Source data
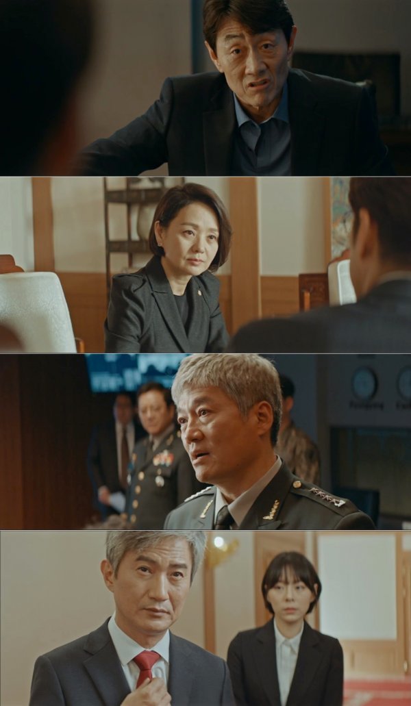 합참의장 이관묵(최재성)은 뼛속까지 군인이다. 오랜 세월 군을 이끌어왔고, 그래서 연구만 해왔던 박무진을 국군통수권자로 인정할 수 없다. 그런 그의 압도적인 카리스마는 박무진의 숨통을 조일 수밖에 없었다. 지난 2회 국회의사당 폭탄 테러가 북한의 소행이라 속단할 수 없다는 주장에 이관묵은 “아마추어 같은 안보관에 낭만적 통일관 때문에 당신들은 보스를 잃었고, 우리 군은 통수권자를 잃었어”라고 소리쳤다. 이관묵은 군에 대한 자부심, 전쟁을 해서라도 적을 물리치겠다는 의지, 무엇보다 나라와 국가를 지키겠다는 신념이 투철한 인물이기 때문이다. 시청자들마저 손에 땀을 쥐고 벙커룸의 대립을 지켜봤고, “최재성 배우, 진짜 장군 같다”라는 평이 쏟아졌다. 힘이 넘치는 발성, 카리스마 있는 눈빛과 강렬한 포스로 이관묵이란 캐릭터를 만들어낸 최재성의 관록이 빛을 내고 있다.
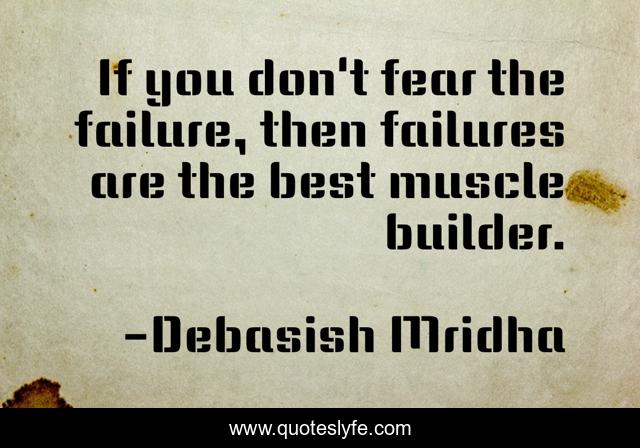 This page presents the quote "If you don't fear the failure, then failures are the best muscle builder.". Author of this quote is Debasish Mridha. This quote is about life, love, knowledge, inspirational, intelligence, philosophy, wisdom, quotes, affection,.
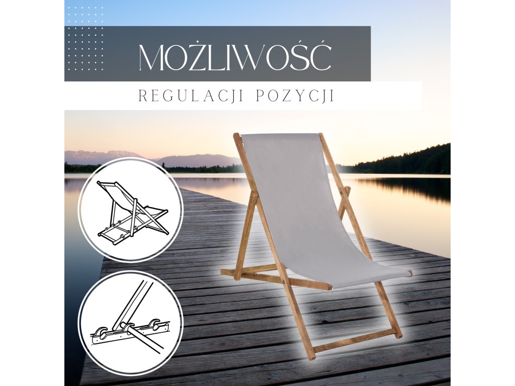 Plážová stolička DC0012 sivá- Rám vyrobený z odolného bukového dreva
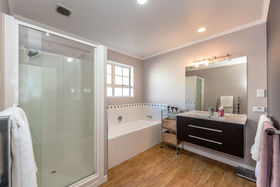 Inside the home is a real surprise - There are 2 light filled, spacious living rooms, both lead into the family dining room with dual access out to the private grounds and seating areas. The use of neutral tones throughout gives an awesome feel to the large home. The kitchen has great storage and bench space along with loads of light and warmth from the north facing windows. The second living room is open plan with French doors out to the courtyard, there is a feature wall which is elegant and adds to sophisticated finish of the home. The unique floor plan offers a bedroom wing consisting of 3 double bedrooms, the main has ensuite and walk-in wardrobe as well as French doors to the garden . At the opposite end of the house the is the 4th bedroom and the family bathroom with both a bath, separate shower and modern vanity. Internal access double garaging also plays its part in making this home perfect. Just in case you need more - there is a 5th double bedroom or office! For sure this must have ticked all of your boxes? If so phone Shaun. He is standing by to give you all the details you need and to book in a viewing.
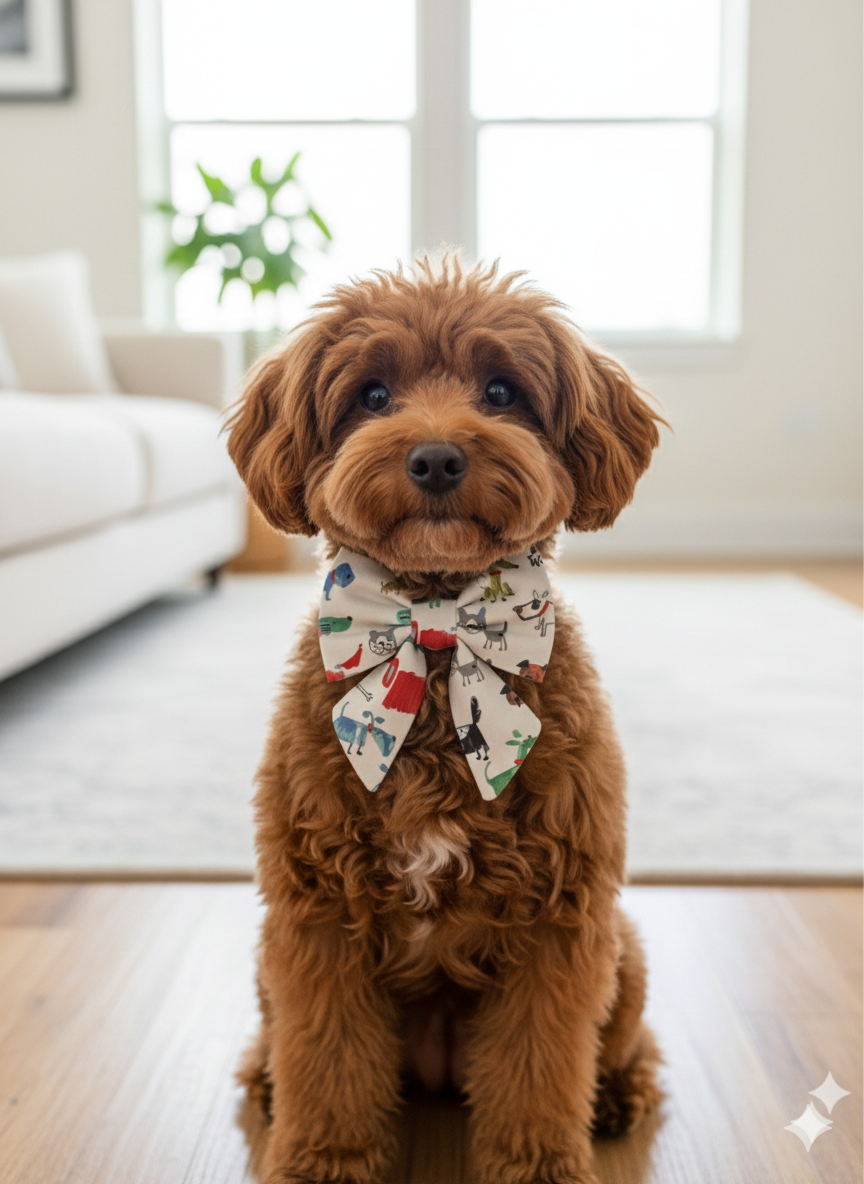 Charming canine-themed bow tie accessory featuring vibrant multi-color imagery, designed for both dogs and cats. Equipped with secure hook and loop fastening for reliable collar attachment.
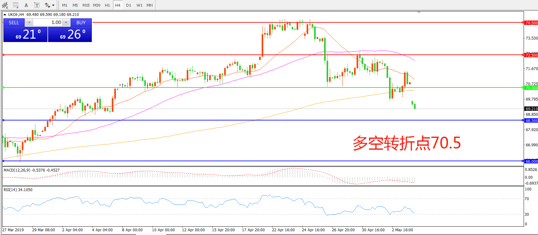 交易策略:在70.50   之下看跌,目标68.50    66.00
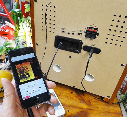 昔のジュークボックスさながらに音と光の両方を楽しめるように作られ、サイズも奥行き31.5cm、幅25cm、高さ46cmとコンパクトです!

_ASSIGNED TASK_. Your answer should consist solely of the lines from the one with "交易策略:在70.50   之下看跌,目标68.50    66.00" through the last line of the entries, restated word for word, with the pictures omitted.

_ANSWER FOR THE TASK_.
 交易策略:在70.50   之下看跌,目标68.50    66.00
 昔のジュークボックスさながらに音と光の両方を楽しめるように作られ、サイズも奥行き31.5cm、幅25cm、高さ46cmとコンパクトです!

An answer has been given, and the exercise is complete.